Taxes? Yes, you can structure them to favour the poor in instant $ terms. But take roads - the taxes pay for them. The wealthy own the trucks which get the benefit, and the weight inside the trucks which destroys the surface, requiring more taxes to pay for repair. Sure, the waged driver benefits in that his/her wage wouldn't have existed, but I'd argue that the tax supporting that road should come from the profit generated by those using it, with a small across-the-board top-up representing the minor damage done by domestic vehicles. It's essentially a case of privatising the gains and socialising the debts, via tax. King Salmon recently tried it on, same thing.
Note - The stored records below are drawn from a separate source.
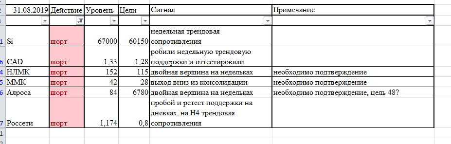 Дневник трейдера - идеи на следующую неделю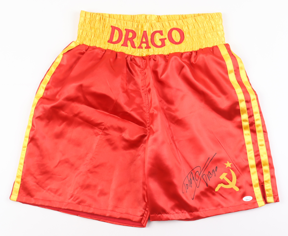 Dolph Lundgren Signed "Rocky IV" Boxing Trunks Inscribed "Drago" (JSA)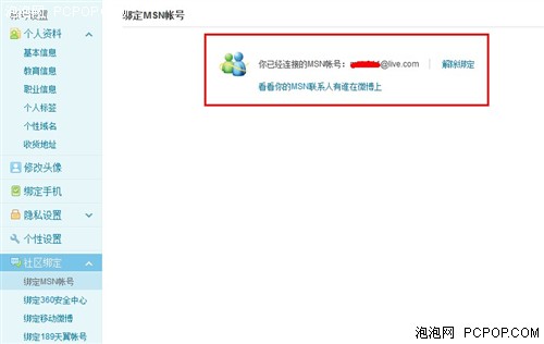 3、进入“账号设置”页面后,在左面一栏中找到写有“社区绑定”字样的区域,并选择“绑定MSN账号”,在右边的页面中即会出现“立即绑定”按钮,点击该按钮。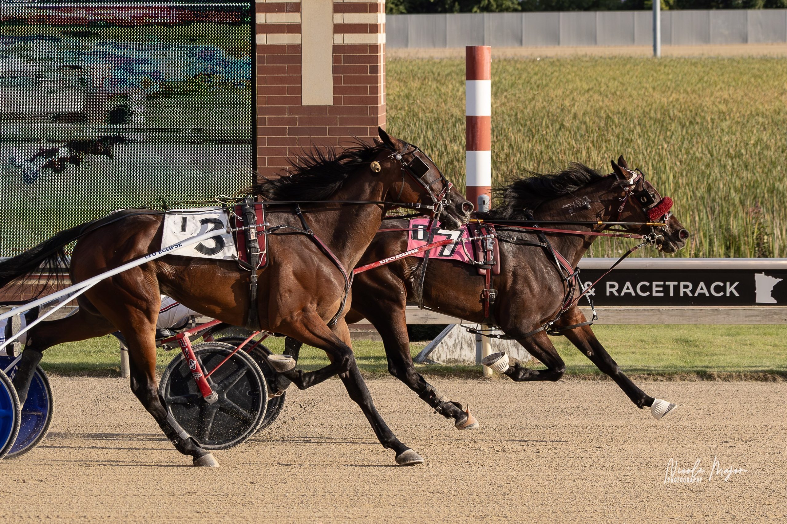 Columbus, MN – Lexus Markus (Amigo Hall) stole the spotlight at Running Aces on Sunday night (September 7) with an impressive late rally to gun down front running favorite Escaper in the final stride of the $17,000 Open Handicap trot which was the featured event of the night.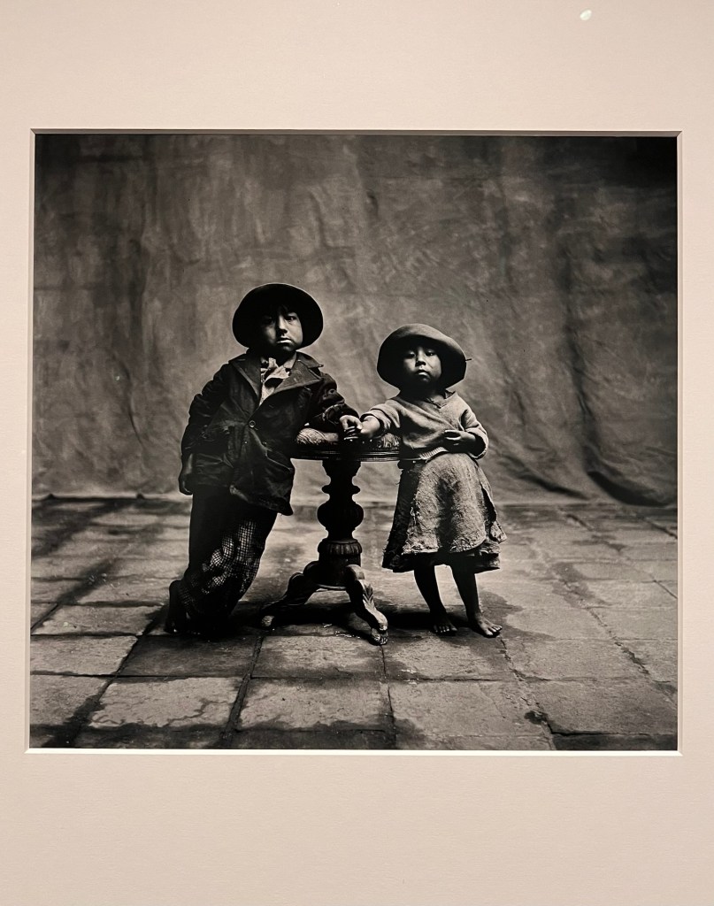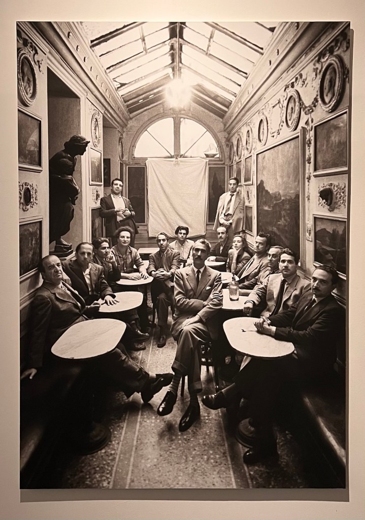 Il percorso si apre con i primi scatti realizzati a New York, poi nel sud degli Stati Uniti, poi ancora in Messico nel 1941. Nel 1945 Penn è in Europa come autista volontario di ambulanze dell’esercito americano e utilizza la sua macchina fotografica per raccogliere testimonianze visive di quel periodo travagliato. Un uomo che guidava ambulanze nella guerra e intanto fotografava. C’è qualcosa di tremendamente serio in questa sovrapposizione: salvare vite con le mani, fermarle con gli occhi. La prima foto che cattura lo sguardo, di grande formato, è la composizione realizzata al Caffè Greco, dove pittori, scultori e scrittori famosi sono seduti a semicerchio davanti ai tavolini con il piano in marmo: un gruppo di celebrità dell’ambiente culturale, pubblicata su Vogue il 5 maggio 1949. Roma entra subito, quindi. Penn era già stato qui. Ci voleva solo un ex macello per ricordarcelo.

Yes, historically there were things (national parks for instance) where the reverse could be argued - the rich tramper had contributed more tax than the poor one, for the same amenity. But even that has been steadily eroded since 1984 in the country. Now, the poor pay taxes which support infrastructure (like walks) which a few - a rich few - profit from. More and more, that is the trend - that taxed 'money' goes to support/facilitate the activities of the rich. We did that here mapping/charting our mineral stocks, giving the tax-funded information free to oil Co's. The minerals, intact. are the real wealth (money is only a proxy, worth nothing without energy and resources) and they were communally-owned - straight Garrett Hardin stuff - but the poor contributed taxed hours of their lives to facilitate someone else getting their hands on the stock..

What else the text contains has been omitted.